◆ **Work task**
Every line from the first record below down to the line that includes "Dedicated pockets for" must be reproduced exactly; the pictures are not.

[Stored items from a collection]
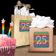 Un autocollant à rayure arc-en-ciel brillant avec un script décontracté de "Joyeux anniversaire" intégré dans les rayures. Ajoutez une explosion de couleur à vos surprises pour vos 25 ans en rayures colorées vibrantes avec des chiffres. Amusant pour tous les types de 25ème anniversaire.
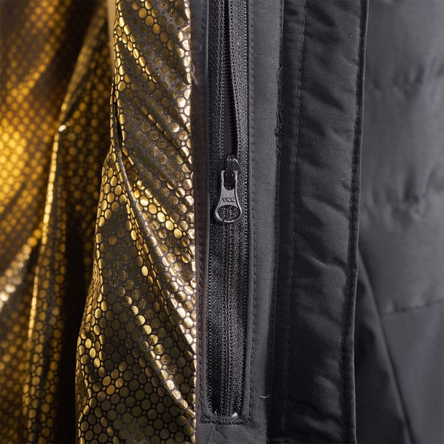 Dedicated pockets for ski pass and goggles offer convenient storage on the slopes
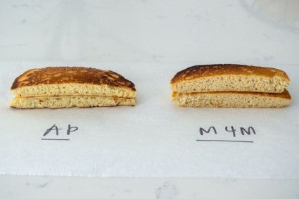 Going gluten-free has benefits for all pancakes, not just mixes — Simply Perfect Pancakes prepared with Measure for Measure instead of all-purpose flour are soft and delicate. Similar to waffles, the gluten-free starches crisp nicely from the high heat of the griddle, creating a golden brown exterior ready to soak up maple syrup. Meanwhile, the lack of gluten prevents the batter from getting overworked and the resulting pancakes from turning out rubbery.
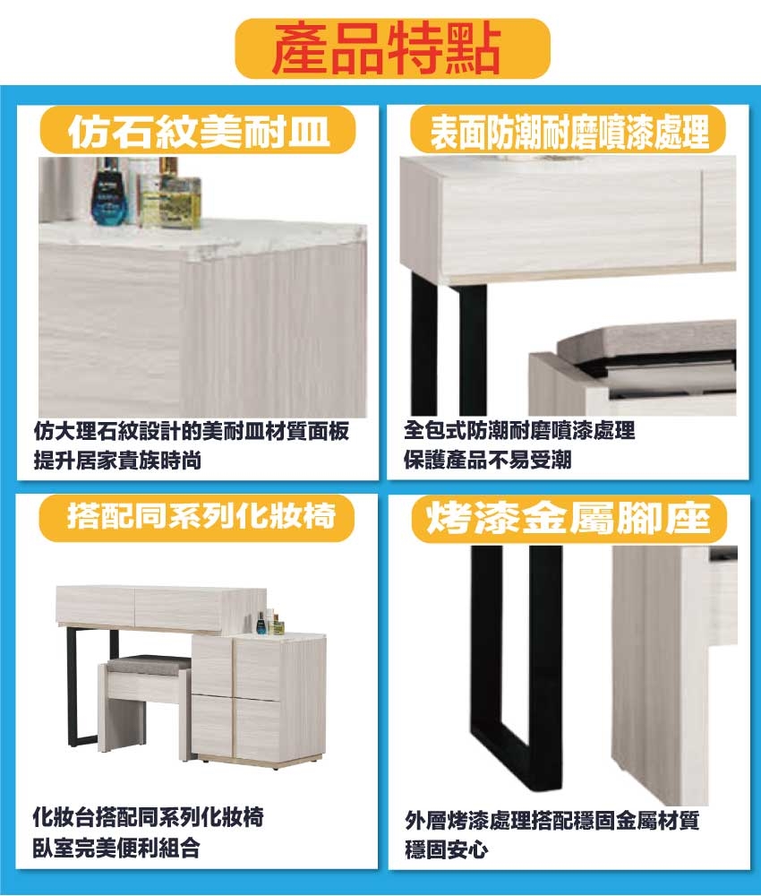 - ◆產品名稱:【綠家居】寶亞2.7尺可伸縮化妝台下座組合(含化妝椅)
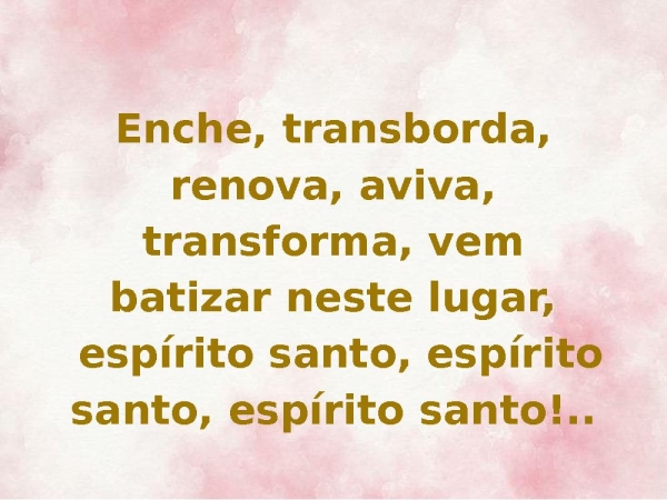 - Enche, transborda, renova, aviva, transforma, vem batizar neste lugar, espírito santo, espírito santo, espírito santo!..
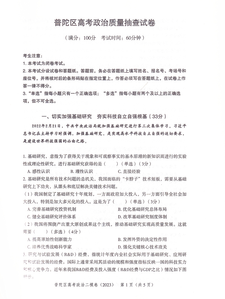2023上海高考二模卷政治上海市各区县高考考前质量抽查试卷精编 2023年版 仅试卷 高考二模卷政治 中西书局 走向成功
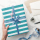 Simple Modern Turquoise and White Striped Minimalist Wrapping Paper
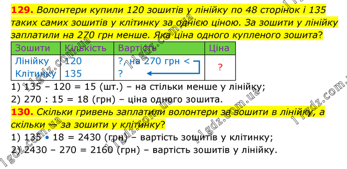 Волонтери купили 120 зошитів у лінійку по 48 сторінок і 135 таких самих зошитів у клітинку за однією ціною. За зошити у лінійку заплатили на 270 грн менше. Яка ціна одного купленого зошита? 1) 135 – 120 = 15 (шт.) – на стільки менше у лінійку; 2) 270 : 15 = 18 (грн) – ціна одного зошита. 130. Скільки гривень заплатили волонтери за зошити в лінійку, а скільки — за зошити у клітинку? 1) 135 • 18 = 2430 (грн) – вартість зошитів у клітинку; 2) 2430 – 270 = 2160 (грн) – вартість зошитів у лінійку.

◆ **Response to this exercise**
 Un autocollant à rayure arc-en-ciel brillant avec un script décontracté de "Joyeux anniversaire" intégré dans les rayures. Ajoutez une explosion de couleur à vos surprises pour vos 25 ans en rayures colorées vibrantes avec des chiffres. Amusant pour tous les types de 25ème anniversaire.
 Dedicated pockets for ski pass and goggles offer convenient storage on the slopes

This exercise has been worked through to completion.